His face, as described by an eyewitness to a police artist, would produce a sketch of … Tintin. Tintin looked human, if extremely streamlined. My worries became irrelevant during the movie's opening scene. Anyone could draw him his face has two dots for eyes, little curves for eyebrows and a mouth and a nose that is like a sideways "U." To make him seem more real would be to lose Tintin. Not only did Tintin inhabit an adamantly 2-D universe, but he was manifestly not real. It was reported that Spielberg would use motion capture technology on his characters. My little French-English dictionary was a great help. Starting that year at Cannes, I read every single Tintin book, and even bought a Tintin and Snowy T-shirt. Sometimes a situation will require an entire page. They are drawn by the Belgian artist Hergé with elegant clarity (the "clean line" approach). Tintin's adventures come in book-length, their pages the size of old Life magazines. His yellow hair comes up to a quiff in the front.
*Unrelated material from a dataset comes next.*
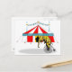 Circus Elephant reitet Fahrrad mit rotem und weißem Zirkuszelt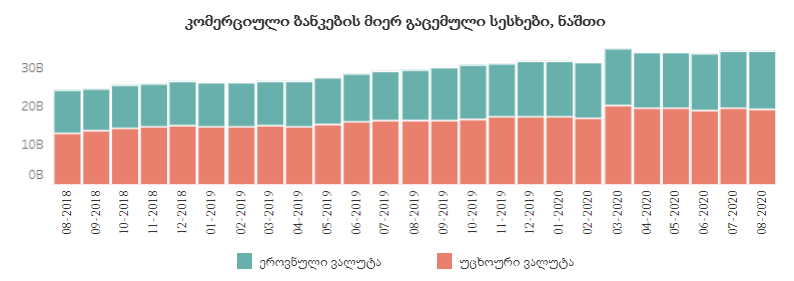 ამავე პერიოდში, ეროვნული ვალუტით გაცემული სესხების მოცულობა 191.06 მლნ ლარით (1.30%-ით) გაიზარდა, ხოლო უცხოური ვალუტით გაცემული სესხების მოცულობა 192.99 მლნ ლარით (0.98%-ით) შემცირდა (გაცვლითი კურსის ეფექტის გარეშე, შემცირდა 1.13%-ით).

Tintin looks like a prepubescent to me, but is treated by everyone as sort of an honorary grownup. A rum-soaked old sea salt named Captain Haddock ( Andy Serkis) is often found nearby. Two maladroit Interpol inspectors named Thompson and Thomson ( Simon Pegg and Nick Frost) are often on the same cases. He is a newspaperman who rarely seems to go to the office but can usually be found globe-trotting on an unimaginable expense account, always accompanied by his gifted dog, Snowy. This Tintin (voiced by Jamie Bell in the film) is a piece of work. "Zut!" So loved is he, I learn, that papers would rerun his old exploits even after the death of his creator, Hergé.

#WATCH THE ADVENTURES OF TINTIN FULL#
A back page in full color is given over to comics, and half the page is devoted to Tintin.

The beloved character … can we flash back? It is a morning in May at the Cannes Film Festival, and I am drinking my coffee in the sunlight and reading Nice-Matin, the regional paper.